Raw data>

+++

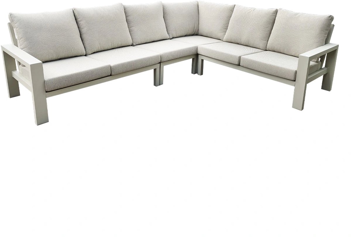 De Benton hoekloungebank van Trestino in latte biedt ruime zitplaatsen, zachte kussens en een uitnodigende uitstraling.
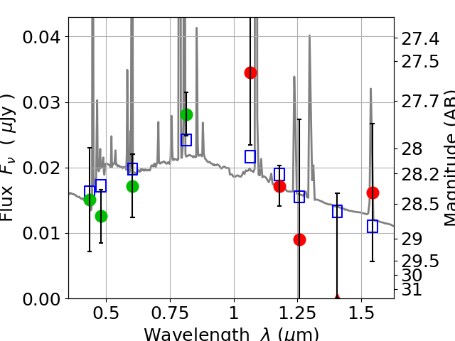Best viewed in a wide browser window (1200 pixels or more). Download SED & P(z) plots to view larger versions.
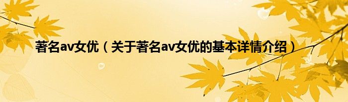 本文关于著名av女优的基本详情介绍就讲解完毕,希望对大家有所帮助。

+++

What to produce> The whole listing should be retyped word for word; none of its pictures belong in the copy.

Answer for the task>
 De Benton hoekloungebank van Trestino in latte biedt ruime zitplaatsen, zachte kussens en een uitnodigende uitstraling.
Best viewed in a wide browser window (1200 pixels or more). Download SED & P(z) plots to view larger versions.
 本文关于著名av女优的基本详情介绍就讲解完毕,希望对大家有所帮助。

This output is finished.